Convert a local file:
from markitdown import MarkItDown

md = MarkItDown()
result = md.convert_local("document.pdf")
print(result.markdown)

convert_stream()

Convert from a binary stream:
from markitdown import MarkItDown
import sys

md = MarkItDown()

# From stdin
result = md.convert_stream(sys.stdin.buffer)

# From file handle
with open("document.pdf", "rb") as f:
    result = md.convert_stream(f)

print(result.markdown)

convert_url() / convert_uri()

Convert from a URL:
from markitdown import MarkItDown

md = MarkItDown()

# HTTP/HTTPS URLs
result = md.convert_url("https://example.com/document.pdf")

# File URIs
result = md.convert_uri("file:///path/to/document.pdf")

# Data URIs
result = md.convert_uri("data:text/plain;base64,SGVsbG8gV29ybGQ=")

print(result.markdown)
convert_url() is an alias for convert_uri(). The convert_uri() method is preferred for new code.

convert_response()

Convert from a requests Response object:
import requests
from markitdown import MarkItDown

md = MarkItDown()
response = requests.get("https://example.com/document.pdf")
result = md.convert_response(response)
print(result.markdown)

StreamInfo

Provide metadata hints about the file being converted:
from markitdown import MarkItDown, StreamInfo
import sys

md = MarkItDown()

# When reading from stdin with known file type
stream_info = StreamInfo(
    extension=".pdf",
    mimetype="application/pdf",
    charset="UTF-8"
)

result = md.convert_stream(
    sys.stdin.buffer,
    stream_info=stream_info
)

StreamInfo Fields

All fields are optional:
from markitdown import StreamInfo

stream_info = StreamInfo(
    mimetype="application/pdf",      # MIME type
    extension=".pdf",                 # File extension
    charset="UTF-8",                  # Character encoding
    filename="document.pdf",          # Original filename
    local_path="/path/to/file.pdf",  # Local file path
    url="https://example.com/doc.pdf" # Source URL
)

DocumentConverterResult

All conversion methods return a DocumentConverterResult object:
from markitdown import MarkItDown

md = MarkItDown()
result = md.convert("document.pdf")

# Access the markdown content
print(result.markdown)  # Preferred
print(result.text_content)  # Deprecated alias
print(str(result))  # Also works

# Access optional metadata
if result.title:
    print(f"Title: {result.title}")

Configuration Options

LLM Integration for Image Descriptions

from markitdown import MarkItDown
from openai import OpenAI

client = OpenAI(api_key="your-api-key")

md = MarkItDown(
    llm_client=client,
    llm_model="gpt-4o",
    llm_prompt="Describe this image in detail."
)

# Images will now include LLM-generated descriptions
result = md.convert("photo.jpg")
print(result.markdown)
See the LLM Integration guide for details.

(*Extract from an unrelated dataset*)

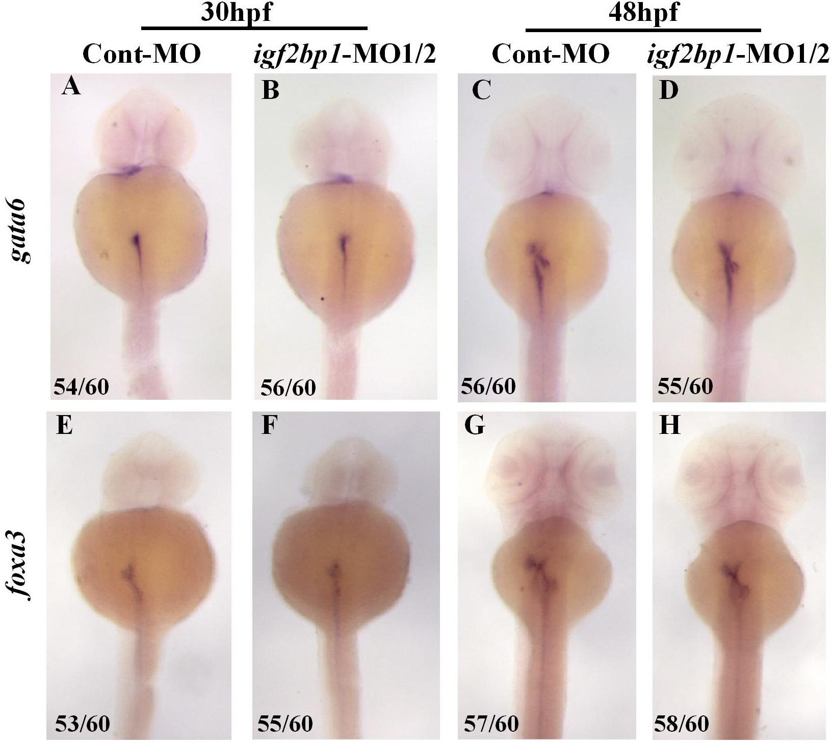 Fig. 4 Igf2bp1 is required for hepatic outgrowth but not for hepatoblast specification and budding. Whole-mount in situ hybridization of the early endoderm marker gene expression in Cont-MO (A, C, E and G) and igf2bp1-MO1/2 (B, D, F and H) embryos at 30 and 48 hpf.

Azure Document Intelligence

from markitdown import MarkItDown

md = MarkItDown(
    docintel_endpoint="https://YOUR_ENDPOINT.cognitiveservices.azure.com/"
)

# Convert using Document Intelligence
result = md.convert("document.pdf")
With custom credential:
from markitdown import MarkItDown
from azure.core.credentials import AzureKeyCredential

md = MarkItDown(
    docintel_endpoint="https://YOUR_ENDPOINT.cognitiveservices.azure.com/",
    docintel_credential=AzureKeyCredential("your-api-key")
)
See the Azure Document Intelligence guide for details.

ExifTool Path

Specify the path to ExifTool for image metadata extraction:
from markitdown import MarkItDown

md = MarkItDown(
    exiftool_path="/usr/local/bin/exiftool"
)

result = md.convert("photo.jpg")

DOCX Style Map

Customize DOCX conversion with a Mammoth style map:
from markitdown import MarkItDown

style_map = """
p[style-name='Heading 1'] => h1:fresh
p[style-name='Heading 2'] => h2:fresh
"""

md = MarkItDown(style_map=style_map)
result = md.convert("document.docx")

Data URI Handling

Control whether data URIs are kept in the output:
from markitdown import MarkItDown

md = MarkItDown()

# Keep data URIs (default: truncated)
result = md.convert("page.html", keep_data_uris=True)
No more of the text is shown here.